Golden Age
Selected works by Christopher Cook
7th to 23rd February 2020
for available works click here
Still Life with Dragonfly 2018, 102 x 72 cm, graphite resin and oil on coated paper
Following his involvement in the major exhibition at York Art Gallery: “Making a Masterpiece”, Saul Hay Gallery is pleased to announce the exhibition of internationally renowned artist Christopher Cook.
The pieces in this exhibition were created in response to ideas and images from the seventeenth century ‘Golden Age’ of Dutch painting, particularly Still Life, and its subgenre, Vanitas painting.
Cook’s approach is to regard the Golden Age as a mixed blessing, in which cultural and scientific progress is undermined by colonialist and capitalist exploitation, and he captures some of these contradictions in these works, updating the debate for our contemporary age.
Christopher Cook took his M.A. in Painting at the Royal College of Art, London. After three extended visits to India in the 90s, he developed a specific process in which graphite powder combined with resin is worked thinly on sheets of coated paper or aluminium, and he has not used colour since. The graphite works lie somewhere between painting and drawing, having a fluid and expressive beginning but a more detailed and drawn finish.
In his current works, the act of transposing key images from Dutch Golden Age painting into black and white gives them an immediate irony, allowing the artist to take liberties with form, content and meaning. For the York City Art Gallery show he produced five new ‘graphites’ (as he terms them) in response to works in York’s permanent collection to replace the original five works selected by York for the show. Saul Hay is delighted to be able to bring the two groups of images to be viewed together for the first time.

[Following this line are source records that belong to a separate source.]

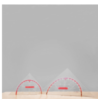
Geodreieck, Geometrie-Dreieck der Serie Profi Linie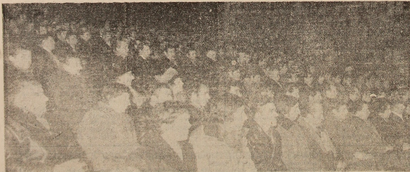
Aspect din timpul desfășurării lucrărilor consfătuirii.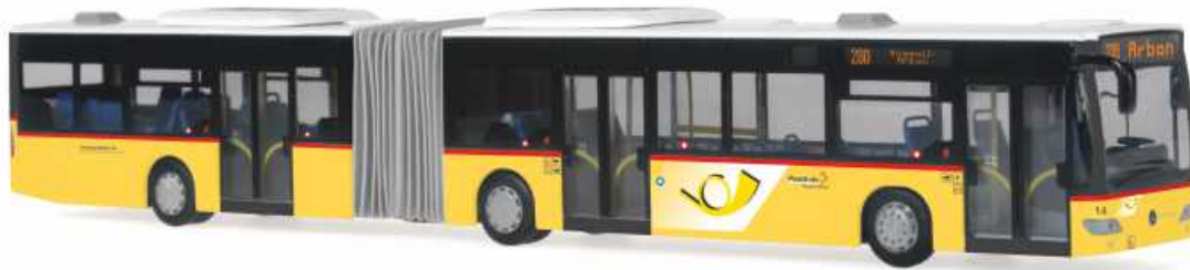
MERCEDES-BENZ Citaro G Euro 4 „Die Post - Arbon“ 68818 | 1:87 | BV | CH | PG 49

Cook has been a recipient of an Arts Council England fellowship at Eden Project Cornwall, a British School at Rome award, and has held Visiting Fellowships to Oxford University, the Frankfurt Stadelschule, and California State University, Long Beach.
His major solo exhibitions include Camden Arts Centre London, Memphis Art Museum, USA, Towner Gallery Eastbourne, Yokohama Museum of Art, Japan and Heidelberger Kunstverein, Germany. He was awarded first prize in the 2017 New Light exhibition, and in October 2019, he won the Sunny Art prize, which will lead to a Shanghai residency and exhibition in 2020.
Cook’s work is held in major public collections including the British Museum, the Metropolitan Museum New York, Fitzwilliam Museum Cambridge, Minneapolis Art Museum, and the Yale Center for British Art. He is currently Reader in Painting at Plymouth University, and is represented by Mary Ryan Gallery, New York.